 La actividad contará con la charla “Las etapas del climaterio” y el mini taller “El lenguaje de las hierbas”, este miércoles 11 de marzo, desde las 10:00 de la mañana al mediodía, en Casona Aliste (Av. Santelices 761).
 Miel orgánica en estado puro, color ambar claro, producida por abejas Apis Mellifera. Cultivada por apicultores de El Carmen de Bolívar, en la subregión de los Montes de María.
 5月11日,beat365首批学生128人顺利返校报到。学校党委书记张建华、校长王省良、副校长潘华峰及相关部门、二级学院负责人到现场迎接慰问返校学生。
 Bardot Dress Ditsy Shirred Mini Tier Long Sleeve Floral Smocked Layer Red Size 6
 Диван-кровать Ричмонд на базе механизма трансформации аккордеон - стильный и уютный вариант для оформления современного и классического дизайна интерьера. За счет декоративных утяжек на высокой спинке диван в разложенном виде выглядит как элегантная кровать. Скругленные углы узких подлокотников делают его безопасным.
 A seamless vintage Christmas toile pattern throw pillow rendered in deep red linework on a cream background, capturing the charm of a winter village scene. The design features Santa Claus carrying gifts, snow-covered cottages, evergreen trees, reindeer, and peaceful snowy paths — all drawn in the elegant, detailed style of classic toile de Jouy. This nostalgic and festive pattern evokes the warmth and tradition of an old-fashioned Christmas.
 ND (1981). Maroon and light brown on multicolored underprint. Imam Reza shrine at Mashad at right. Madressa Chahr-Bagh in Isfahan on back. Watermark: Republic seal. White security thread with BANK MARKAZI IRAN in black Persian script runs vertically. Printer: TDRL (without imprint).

---

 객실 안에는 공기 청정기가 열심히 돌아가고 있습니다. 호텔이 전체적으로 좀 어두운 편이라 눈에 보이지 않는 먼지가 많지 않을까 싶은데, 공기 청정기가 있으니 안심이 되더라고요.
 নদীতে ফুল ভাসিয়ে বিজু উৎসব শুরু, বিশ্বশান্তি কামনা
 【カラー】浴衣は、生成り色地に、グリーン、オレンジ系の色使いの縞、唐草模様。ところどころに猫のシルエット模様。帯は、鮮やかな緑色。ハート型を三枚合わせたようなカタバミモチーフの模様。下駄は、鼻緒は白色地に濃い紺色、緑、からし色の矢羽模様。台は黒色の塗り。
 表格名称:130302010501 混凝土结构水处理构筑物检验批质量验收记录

...

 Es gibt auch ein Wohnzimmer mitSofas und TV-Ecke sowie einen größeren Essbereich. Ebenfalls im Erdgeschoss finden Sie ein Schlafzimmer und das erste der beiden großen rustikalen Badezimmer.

AIM OF THE EXERCISE —
Go through the material above and output exactly the lines from the one containing "নদীতে ফুল ভাসিয়ে" through the one containing "表格名称:130302010501 混凝土结构水处理构筑物检验批质量验收记录".

WRITTEN SOLUTION —
 নদীতে ফুল ভাসিয়ে বিজু উৎসব শুরু, বিশ্বশান্তি কামনা
 【カラー】浴衣は、生成り色地に、グリーン、オレンジ系の色使いの縞、唐草模様。ところどころに猫のシルエット模様。帯は、鮮やかな緑色。ハート型を三枚合わせたようなカタバミモチーフの模様。下駄は、鼻緒は白色地に濃い紺色、緑、からし色の矢羽模様。台は黒色の塗り。
 表格名称:130302010501 混凝土结构水处理构筑物检验批质量验收记录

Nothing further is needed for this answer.